Recognize files Version 2 (Net)
Description
Extracting text from a file using Robin OCR service with Soica
Action icon
Параметры
Входные параметры
URL Host address
Логин Login for authorization
Пароль Password for authorization
Класс пакета Package class for recognition
Файл Path to file for recognition
Тип результата Format of result data
Профиль распознавания Profile for recognition
Тайм-аут Time-out is set in milliseconds to determine execution time of action
Выходные параметры
Результат Result of recognition in json/xml format
Статус Status of package
Settings
Property | Description | Type | Filling example | Mandatory field |
---|---|---|---|---|
Parameters | ||||
Url | Host address | Robin.String | Yes | |
Login | Login for authorization | Robin.String | Yes | |
Password | Password for authorization | Robin.Password | Yes | |
Package class | Package class for recognition | Robin.String | Yes | |
File | Path to file for recognition. Support exstensions: JPEG, PDF, TIFF, BMP, PNG, DOCX, GIF | Robin.FilePath | Yes | |
Result type | Format of result data Выпадающий список из элементов: XML, JSON Значение по умолчанию: XML | Robin.String | No | |
Recognition profile | Profile for recognition Профили создаются в самой Сойке и пользователь заранее знает, какой необходимо выбрать. Значение по умолчанию задается системой при создании класса пакетов и называется default | Robin.String | No | |
Timeout | Time-out is set in milliseconds to determine execution time of action | Robin.Numeric | No | |
Results | ||||
Status | Статус распознавания документа | Robin.String | ||
Result | Коллекция json-объектов или xml-контекстов, содержащих распознанные данные. Если истек указанный тайм-аут, а сервис не закончил распознавание, этот параметр вернется пустым. Если распознание документа еще в процессе, то результат не заполнен. | Robin.Collection |
Special conditions of use
General principles of working with ROBIN OCR:
To send a document for recognition, at least 2 requests must be made. First, a request to create a package is sent, the only image of the package or the first image of the package is passed to the request. The request returns the GUID of the package. If there are several images in the package, then in subsequent requests these images are added to the package (one by one). The final request is to launch the package for processing. The GUID of the created package is passed to the second and subsequent requests.

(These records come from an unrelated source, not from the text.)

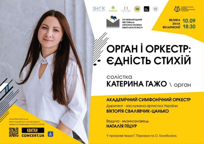 Програму цьогорічного фестивалю відкриє концерт "Орган і оркестр: єдність стихій", який для шанувальників музики готують господарі сцени - солістка філармонії Катерина Гажо й Академічний симфонічний оркестр під орудою заслуженої артистки України Вікторії Свалявчик-Цанько.
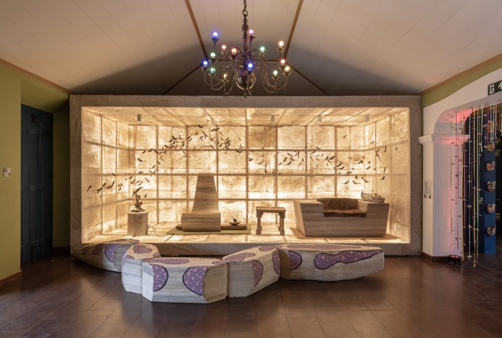 A instalação “Trama Líquida”, do Ateliê Ana Vaz em colaboração com Jacqueline Basílio, utilizou resíduos têxteis para criar uma obra que discute circularidade e consciência ambiental. Um lembrete poético sobre o impacto e a responsabilidade do design.
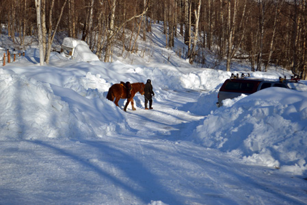 T: Well Mr. and Mrs. Magpie were here a short while ago, picking up lose hair at the hitching area.
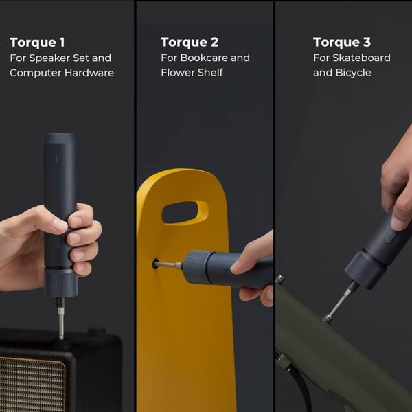 - ONE-HAND POWERHOUSE, TOTAL CONTROL – With our mini drill, you get three torque settings in the palm of your hand. (electric mode: max. 4 N·m / manual mode: max. 8 N·m). And that built-in smart sensor? It’s your guardian angel. Release the button, the rotation stops—no scratched screws, no injured fingers. Just one hand and you’re in complete control!
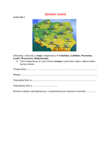 Zestaw trzeci ZADANIE 1 Odszukaj i odczytaj z mapy temperatury w Gdańsku, Lublinie, Poznaniu, Łodzi, Warszawie, Białymstoku. Ułóż temperatury (z tych miast) rosnąco i pod nimi zapisz odpowiednio nazwę miasta Temperatury............................................................................................................. Miasta...................................................................................................................... Najcieplej było w.................................................................................................. Najzimniej było w ...................................... Różnica między najcieplejszym, a najzimniejszym miastem wynosiła................. ZADANIE 2 Temperatura powietrza w nocy spada do - 4o C. Jeżeli w dzień wzrośnie o 9o C, to osiągnie……………………. Zaznacz na termometrach temperatury zgodnie z poleceniami: W nocy temperatura wynosiła 15 0 mrozu. Rano podniosła się o 5 stopni. W południe było najcieplej, termometry pokazywały 4o C. Wieczorem temperatura spadła o 9 0C. Noc Rano Południe Wieczór ZADANIE 3 Odszukaj w tabeli trzy dni 1 marca, 8 marca, 15 marca Pon: Wtó: Śro: Czw: Pią: 09. 10. 11. Sob: Nie: 1Wschód słońca: 06:28 Zachód słońca: 17:24 2Wschód 3Wschód 4Wschód 5Wschód 6Wschód 7Wschód 8Wschód słońca: słońca: słońca: słońca: słońca: słońca: słońca: 06:26 06:24 06:22 06:20 06:18 06:16 06:14 Zachód Zachód Zachód Zachód Zachód Zachód Zachód słońca: słońca: słońca: słońca: słońca: słońca: słońca: 17:26 17:27 17:29 17:31 17:32 17:34 17:35 9Wschód 10Wschód 11Wschód 12Wschód 13Wschód 14Wschód 15Wschód słońca: słońca: słońca: słońca: słońca: słońca: słońca: 06:12 06:10 06:08 06:06 06:04 06:02 05:59 Zachód Zachód Zachód Zachód Zachód Zachód Zachód słońca: słońca: słońca: słońca: słońca: słońca: słońca: 17:37 17:38 17:40 17:41 17:43 17:44 17:46 Odczytaj oraz zaznacz na zegarach wschód i zachód słońca w tych dniach. Oblicz, jak długo będzie trwał dzień. 1 marca wschód 1.03 Długość dnia wynosi:................................................................................. zachód 1.03 8 marca wschód 8.03 zachód 8.03 Długość dnia 8 marca :................................................................................. 15 marca wschód 15.03 zachód 15. 03 Długość dnia 15 marca.:................................................................................... Na podstawie zegarów oblicz i uzupełnij zdania: Najdłuższy dzień będzie(którego?)................................. Najdłuższa noc będzie......................... Najkrótszy dzień będzie (którego) ..................................... Najkrótsza noc będzie...................... Ile wynosi różnica między nadłuższym, a najkrótszym dniem...............................
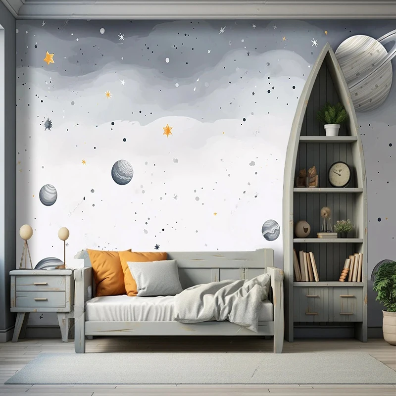 ورق حائط كرتوني ثلاثي الأبعاد مخصص ، سماء مرصعة بالنمي ، خلفية داخلية ، لوحة جدارية ، غرفة أطفال ، لوحة كونية لرياض الأطفال
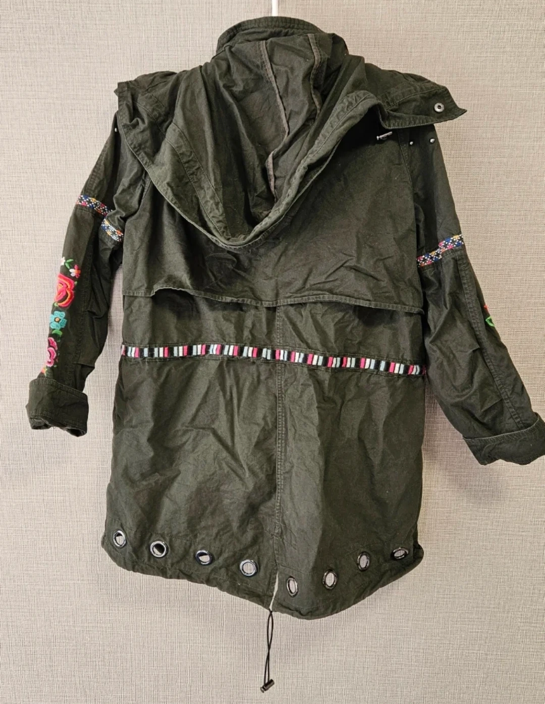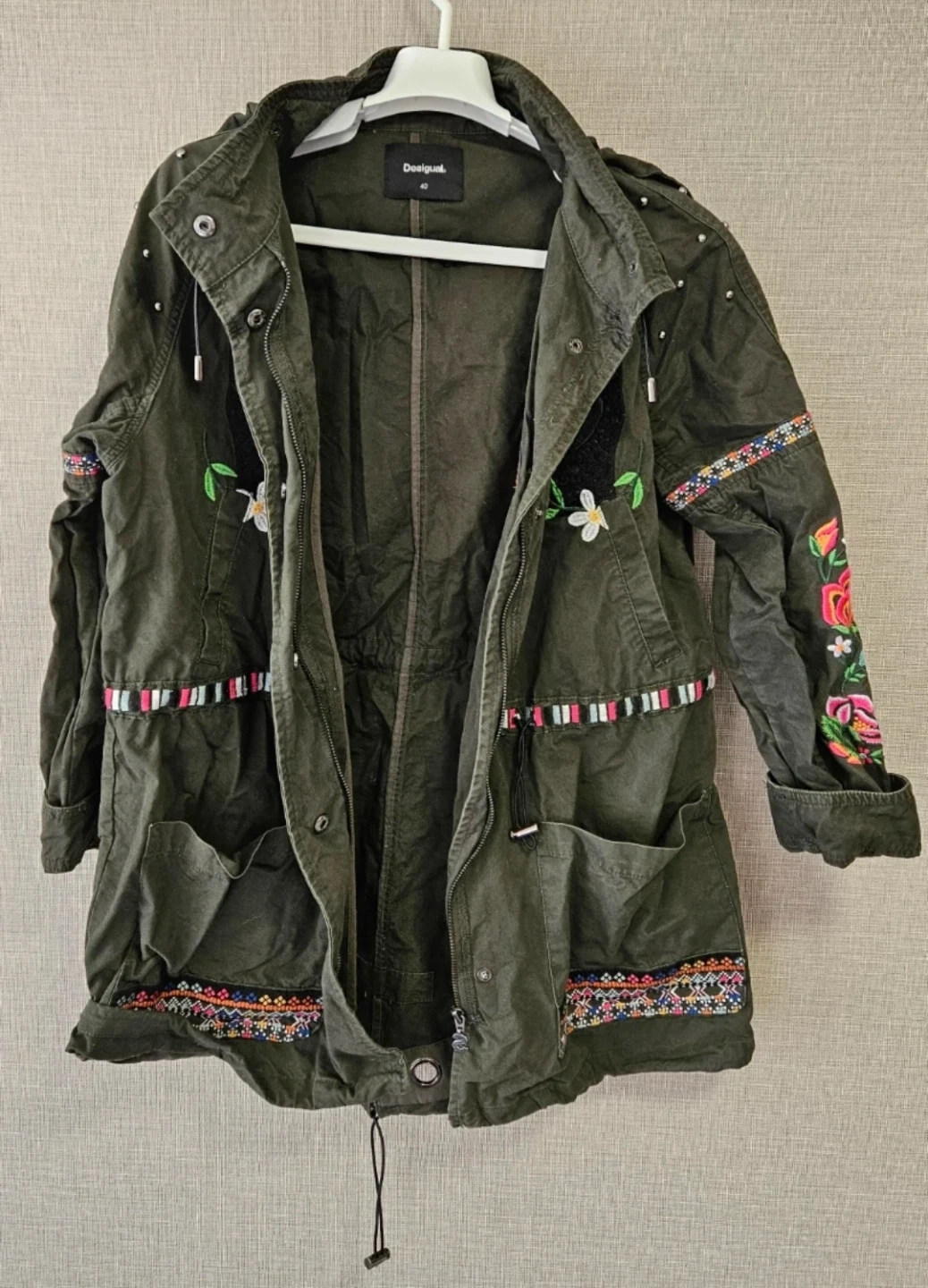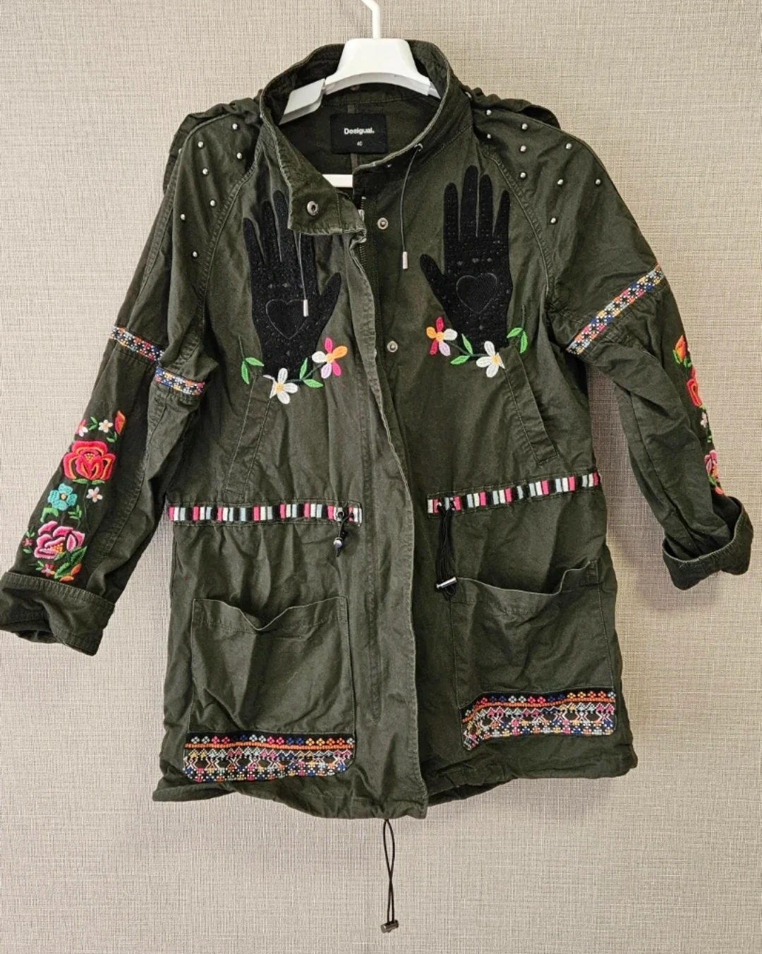 デシグアルのジャケットです。 ・ブランド:デシグアル ・サイズ:40 ・色:カーキ ・デザイン:刺繍、装飾あり ・状態:使用感あり 海外旅行の時に購入した物になります 独特のデザインです 中古品であることをご了承ください。

The format of the result is customized in advance, in the scenario.
The user will receive the result as a collection of json objects or xml-contexts. You can work with the obtained results by studio actions.
The list of package classes the user must know before launching the action.
Package classes will be configured in the system by the engineer, you need to select a class suitable for image processing. Package class name is the name of the customized project. Package class name must be specified when creating a package (mandatory). Package name must be specified in the request.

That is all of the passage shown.